3.3 feet: Here's the first shot. Now, take a close look at the white arrow in the frame, this is pointed at the distance approximately 3.3 feet away from the end of the lens. Other than the edge distortion from the lens everything from the end of the lens and 3.3 feet away is in reasonably sharp focus.
6.6 feet: Now here's the 6.6 feet shot. Take a close look at the field of focus, checking the bars on the left side of the image and the sharpness in the grass in the center. Everything beyond 6.6 feet is out of focus. Once again, everything from the end of the lens to 6.6 feet is reasonably in focus.

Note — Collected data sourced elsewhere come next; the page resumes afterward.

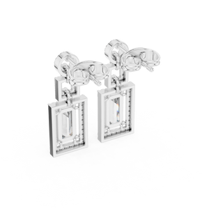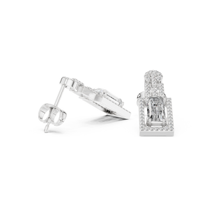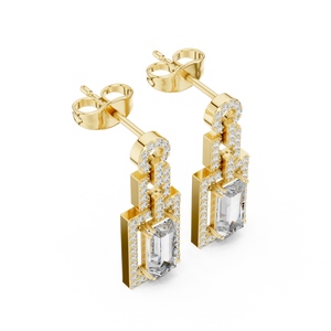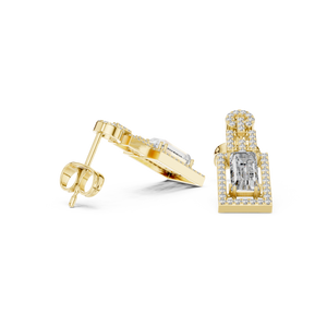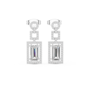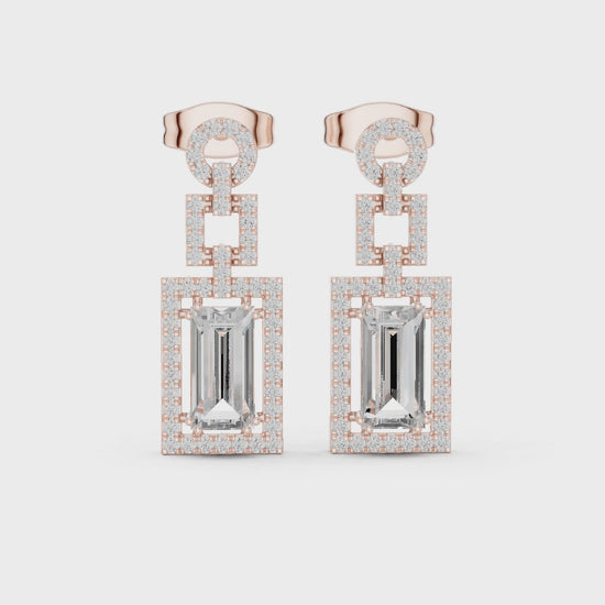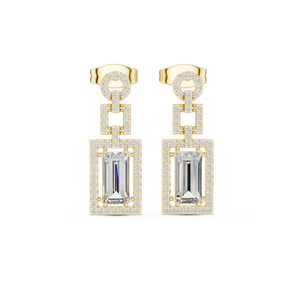 Make a bold statement with these architecturally inspired drop earrings. Each earring features a stunning, center-set emerald-cut lab-grown diamond, framed by a meticulous halo of brilliant-cut accents. The design unfolds in a series of linked geometric shapes—a circle, a square, and a rectangle—creating a fluid, linear silhouette that catches the light from every angle.
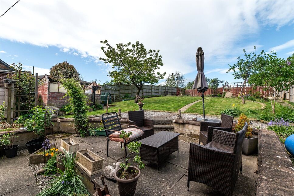 To the front of the property is a lawn garden with mature planting/hedgerow and a driveway providing off street parking for multiple vehicles. The expansive rear garden features two paved patio areas, pond, well maintained lawns, mature planting/trees and wooden storage shed.
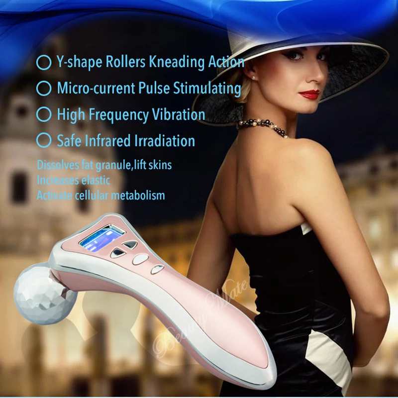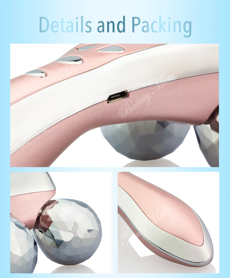 Два y-образных 360 ° массаж с вращением роликовой конструкции: адаптируется к массажу всего тела, например, лица, подбородка, шеи, груди, живота, талии, рук и ног, И обладает уникальным эффектом похудения.
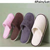 4 Pairs/Lot Mix Colors Coral fleece Men Women Cheap Disposable Hotel Slippers Cotton Slides Home Travel SPA Slipper Hospitality
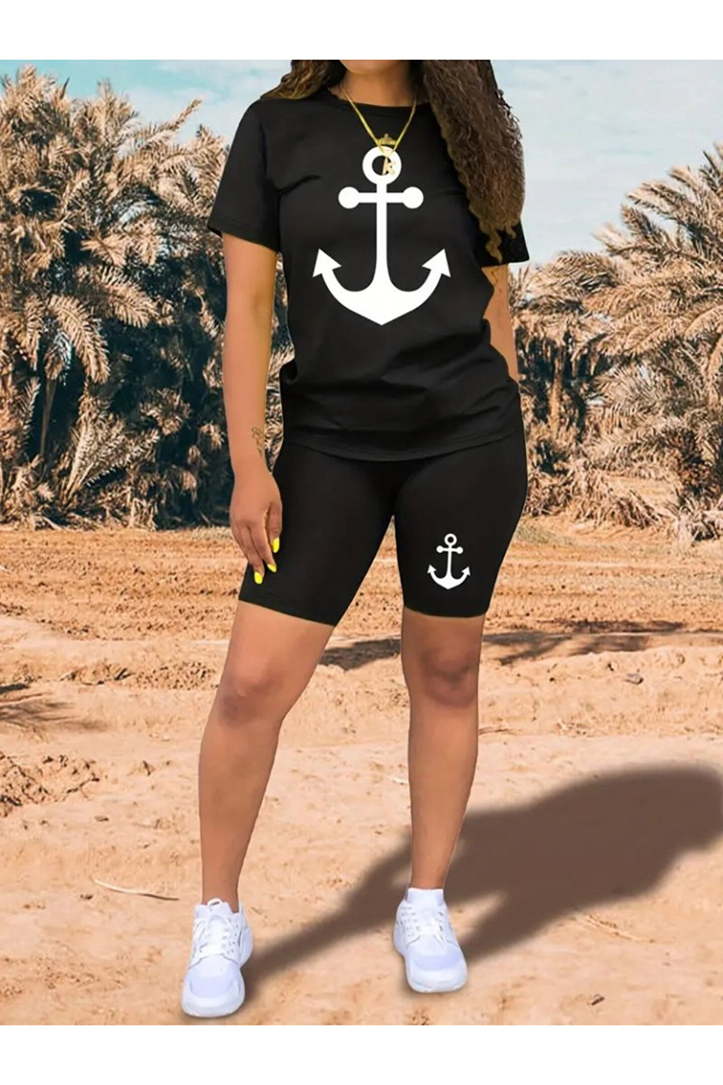 Kadın Kısa Kollu çapa Baskılı Viskon Ikili Takım
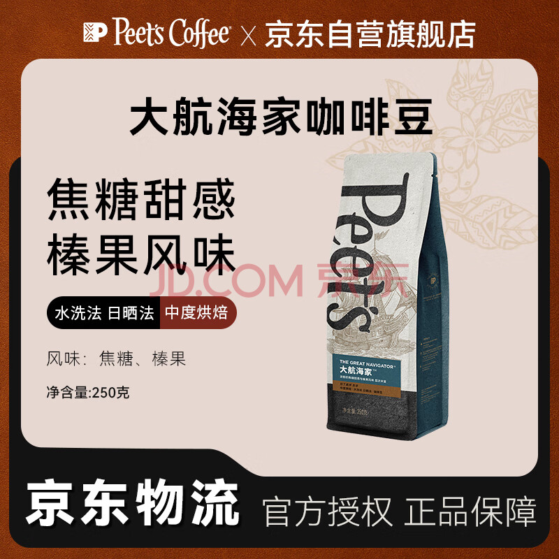 Peet's Coffee皮爷peets 大航海家咖啡豆新鲜烘焙中度烘焙黑咖啡250g【新包装】
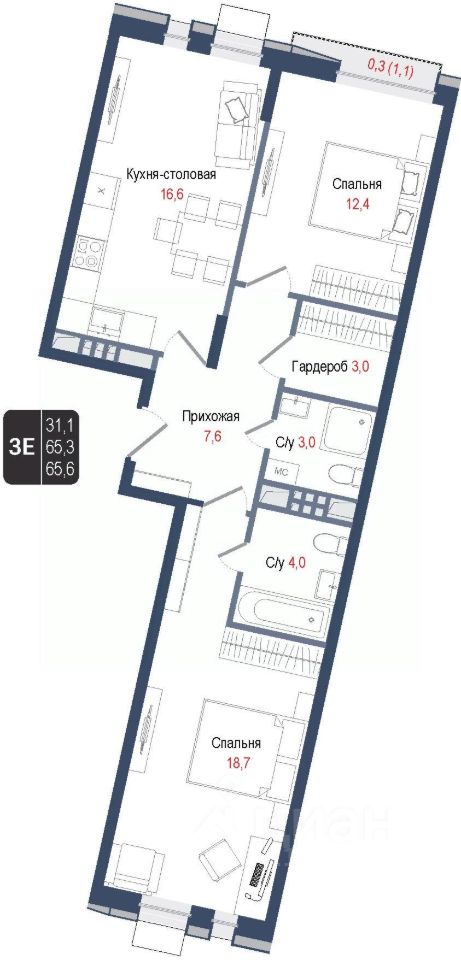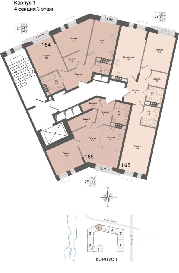 Продается 2-комнатная квартира 165 в строящемся ЖК "КИНОКВАРТАЛ", Корпус 1. Квартира расположена на 3 этаже, общая площадь 65,3 кв.м.
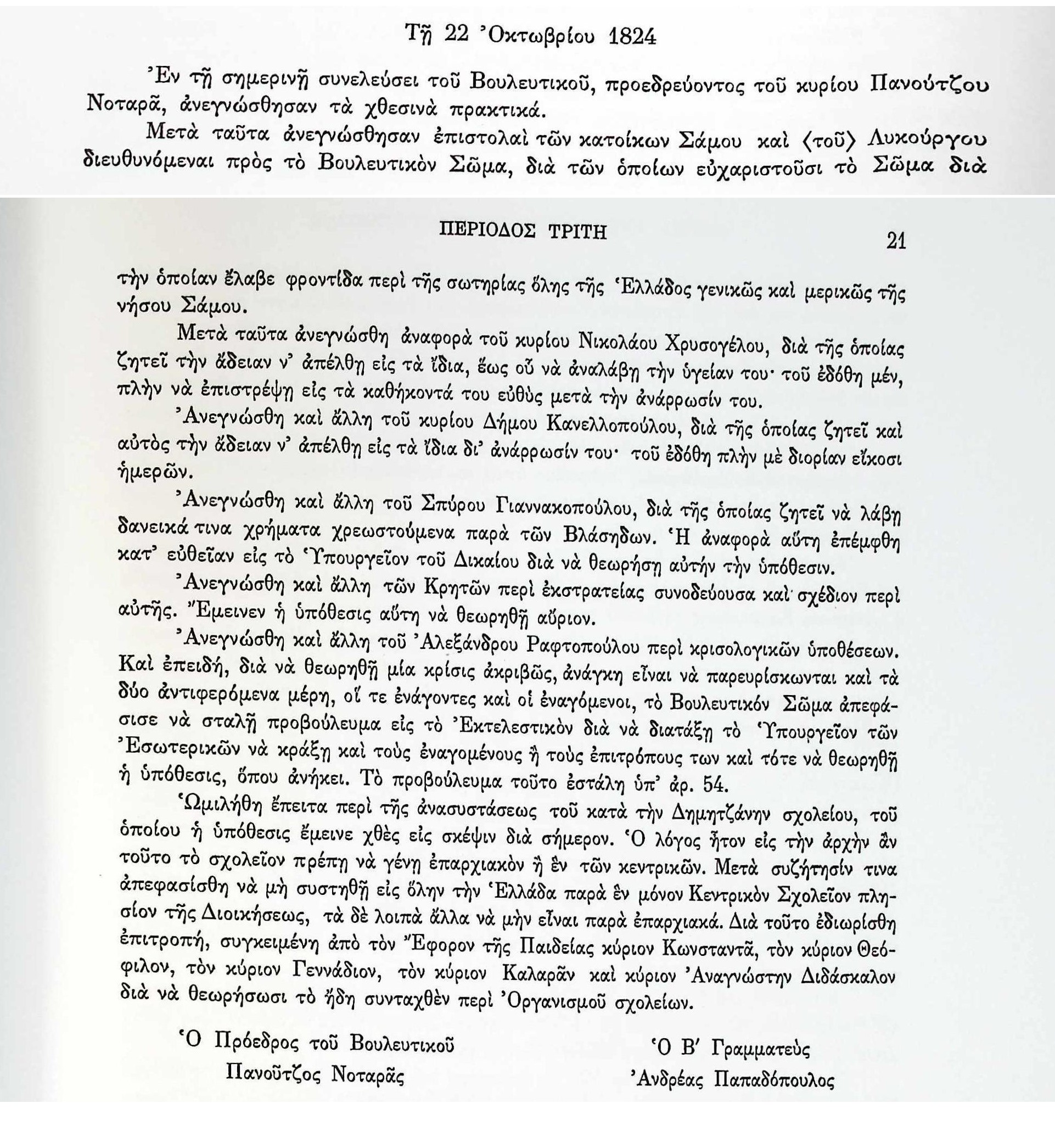 ΑΡΧΕΙΑ ΕΛΛΗΝΙΚΗΣ ΠΑΛΙΓΓΕΝΕΣΙΑΣ, τ.7, σελ.20 Πρακτικά τακτικών συνεδριάσεων Βουλευτικού Σώματος Γ’Περιόδου-22 Οκτωβρίου 1824-Περί σχολείου Δημητσάνας. Αναγνώστης ΔιδασκάλουΑνδρέας ΠαπαδόπουλοςΒουλευτικό ΣώμαΓ.ΓεννάδιοςΓεώργιος ΚαλαράςΓρηγόριος ΚωνσταντάςΔημητσάναΕλλάδαΈφορος της ΠαιδείαςΠανούτσος ΝοταράςΣχολείο

19.75 feet: Here again, everything from the end of the lens to approximately 19.75 feet away is reasonably in focus. Anything beyond that point is not.
33 feet to Infinity: Now check the arrow, and beyond! Everything in this frame is reasonably in focus and except where the barrel distortion bends the bars in the upper-left and lower-right portion of the shot I see sharp focus in the entire frame.
Okay, so what's the lesson to this test? Well, for one thing I have a better understanding of how
my Holga camera works. However, as I have said on several occasions, "Holgas are like snowflakes; no two are the same!" One glaring conclusion is the focusing of the camera works better the farther away your subject is. The closer focus settings are more critical, and deserve more attention when shooting. Also, if you use the 6x6, (12 frame,) or 6x4.5 (16 frame) film planes inserted before loading the film, you will have clear and sharp images across the entire image area, except, of course where there is barrel distortion from the lens. Once you remove the film plane, though, all sharpness goes out the window! But, that's what gives the "four corners dark" style of Holgrography its artsy look. Just don't forget to tape the rear window up real well!
Also, as every book, magazine article and You Tube video says, "There are no stops on this lens, so you can always set the focus between two symbols for more accurate focus." What this does, though, is throw a giant monkey wrench smack-dab into the middle of my research! How does someone measure the field of focus with this stupid piece of plastic camera, anyway? Well, I carry a tape measure in my bag just in case I need to accurately find out how far away the image is. (See below for more focusing tricks.)
Between the Symbol Focusing
Going by this method you can extrapolate out a new "field of focus" guide for the little symbols, and what is between them. Here's what I came up with...
Between 3.3 feet and 6.6 feet approx. = 4.75 feet
Between 6.6 feet and 19.75 feet approx. = 13.25 feet
Between 19.75 feet and 33 feet approx. = 26.25 feet
Hey, that's all fine and good but how the heck am I supposed to find out exactly how far away the subject is, anyway? Well, I'll tell you, another trick I use is my 35mm Nikon FM2 camera with a 50mm lens. Focus on the area in the frame you want to feature in focus using the 35mm camera. Next, check the barrel of the lens on the 35mm camera and it will tell you exactly how far away the subject is! This is an old trick I use when calculating flash strength and it really isn't cheating! Next, simply compute the correct setting on the Holga lens and fire away with confidence. Viola!